• **Problem requirements**
Please write out exactly, without any picture, each line from the first in the listing through the line that includes "为深入强化教职工廉洁从教意识,1 月 14".

--- Information supplied Enclosed Below ---

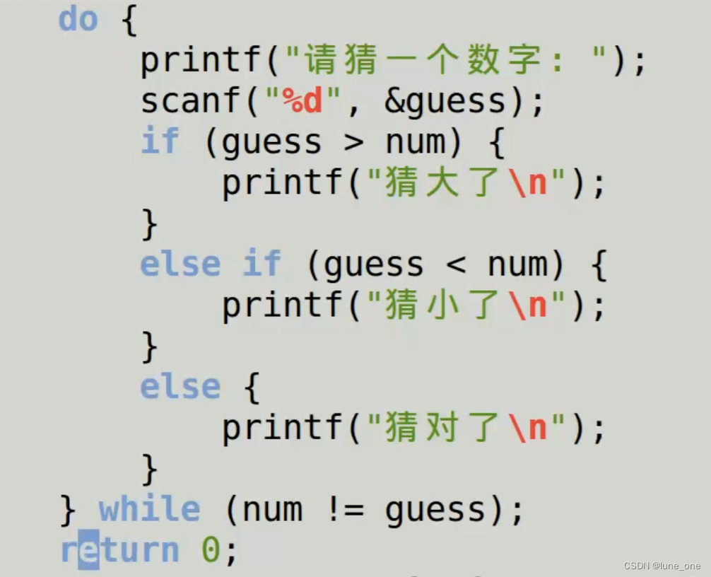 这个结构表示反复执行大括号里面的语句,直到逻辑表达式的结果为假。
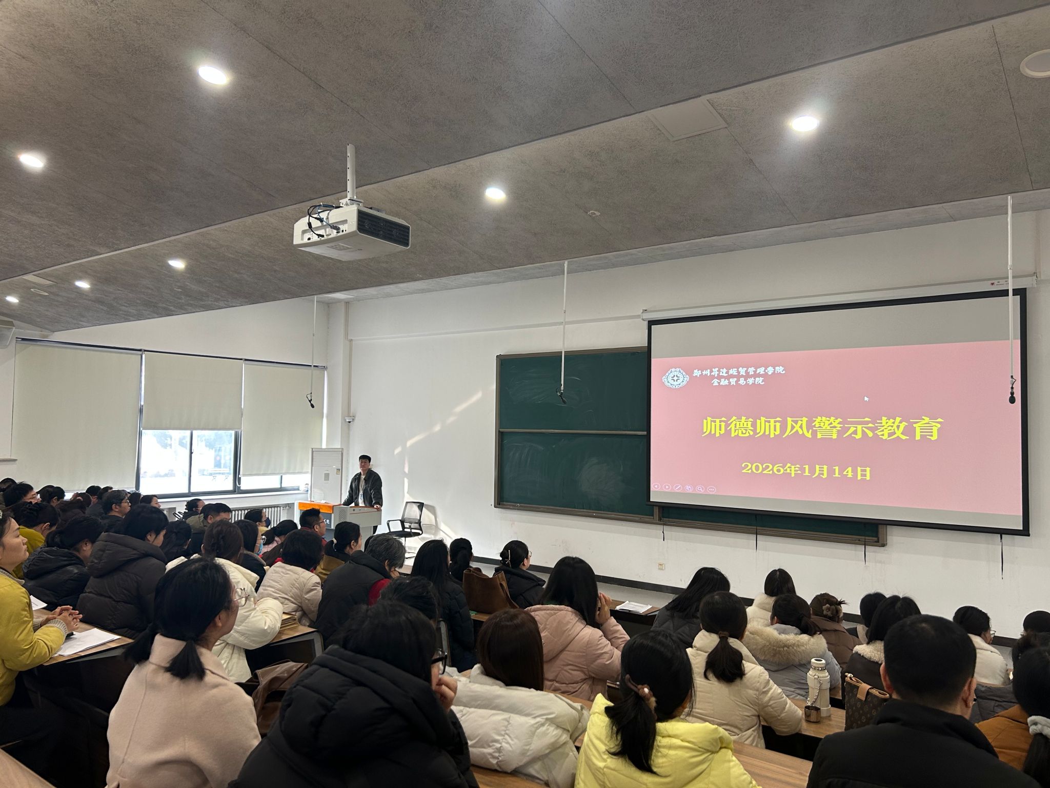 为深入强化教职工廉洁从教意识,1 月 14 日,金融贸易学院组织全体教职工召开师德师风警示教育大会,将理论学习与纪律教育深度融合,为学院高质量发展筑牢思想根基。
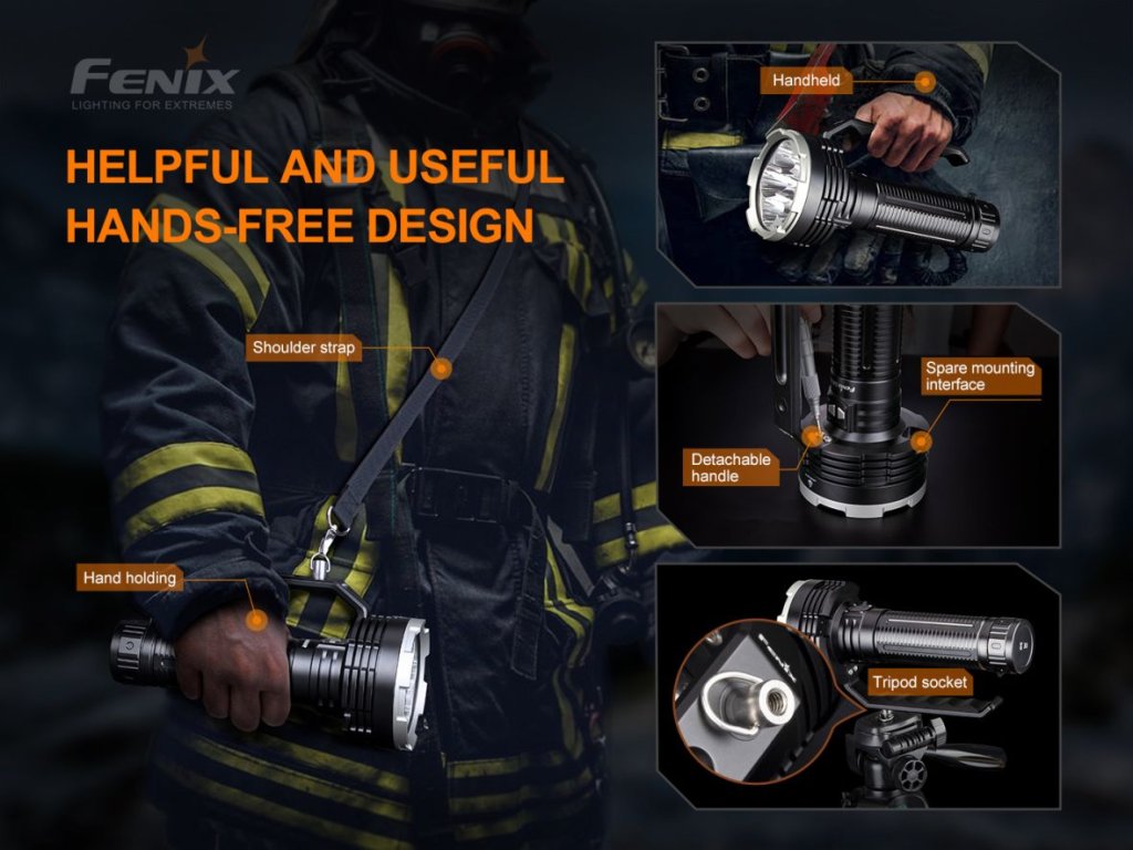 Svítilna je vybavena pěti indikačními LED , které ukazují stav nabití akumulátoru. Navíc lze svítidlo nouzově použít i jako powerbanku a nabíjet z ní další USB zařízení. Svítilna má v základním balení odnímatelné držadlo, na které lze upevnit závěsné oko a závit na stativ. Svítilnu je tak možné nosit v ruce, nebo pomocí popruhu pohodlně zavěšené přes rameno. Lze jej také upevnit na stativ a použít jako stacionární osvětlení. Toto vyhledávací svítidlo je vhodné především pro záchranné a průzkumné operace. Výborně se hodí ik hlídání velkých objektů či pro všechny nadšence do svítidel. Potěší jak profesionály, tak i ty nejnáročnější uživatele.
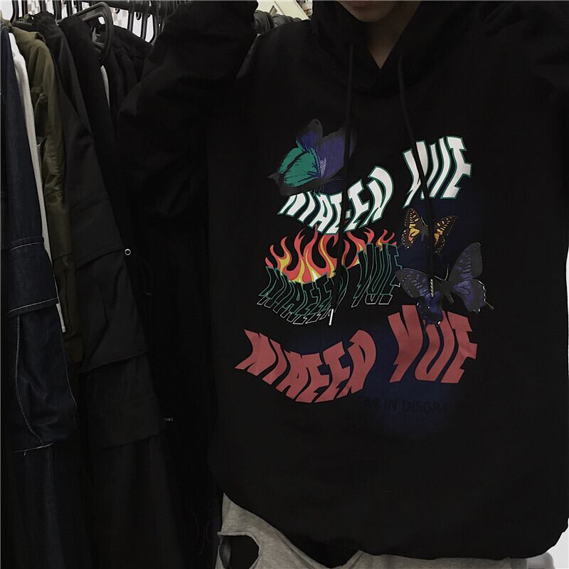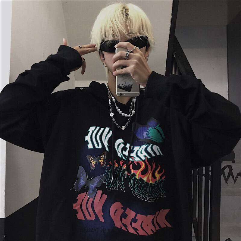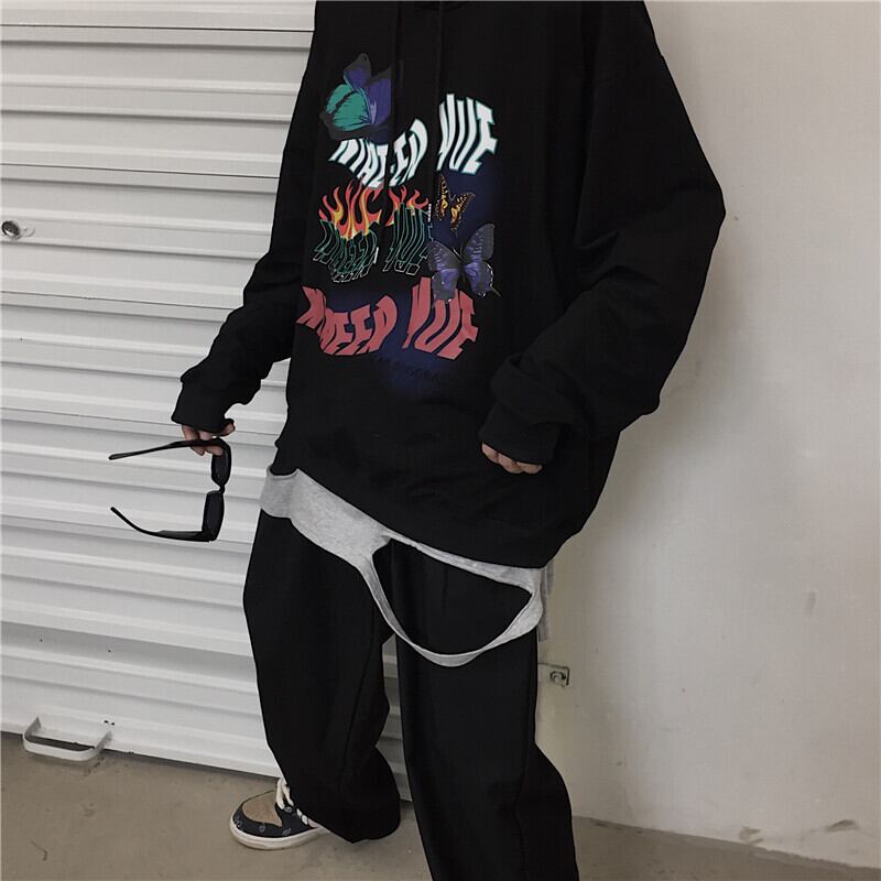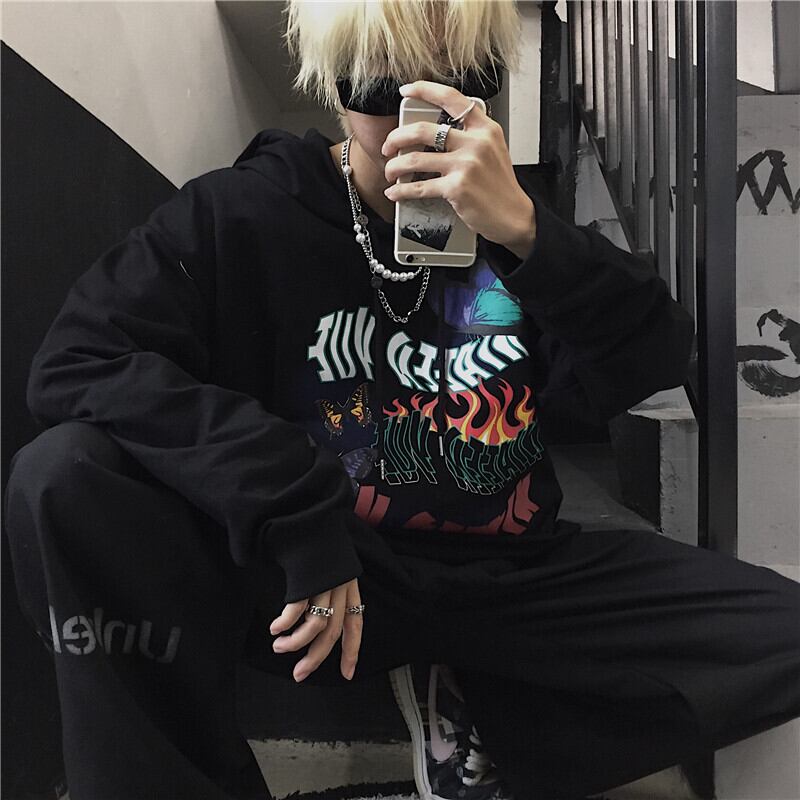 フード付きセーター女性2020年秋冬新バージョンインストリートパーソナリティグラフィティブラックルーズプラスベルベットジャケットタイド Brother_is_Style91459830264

--- End of Enclosed Information supplied ---

• **Solution**
 这个结构表示反复执行大括号里面的语句,直到逻辑表达式的结果为假。
 为深入强化教职工廉洁从教意识,1 月 14 日,金融贸易学院组织全体教职工召开师德师风警示教育大会,将理论学习与纪律教育深度融合,为学院高质量发展筑牢思想根基。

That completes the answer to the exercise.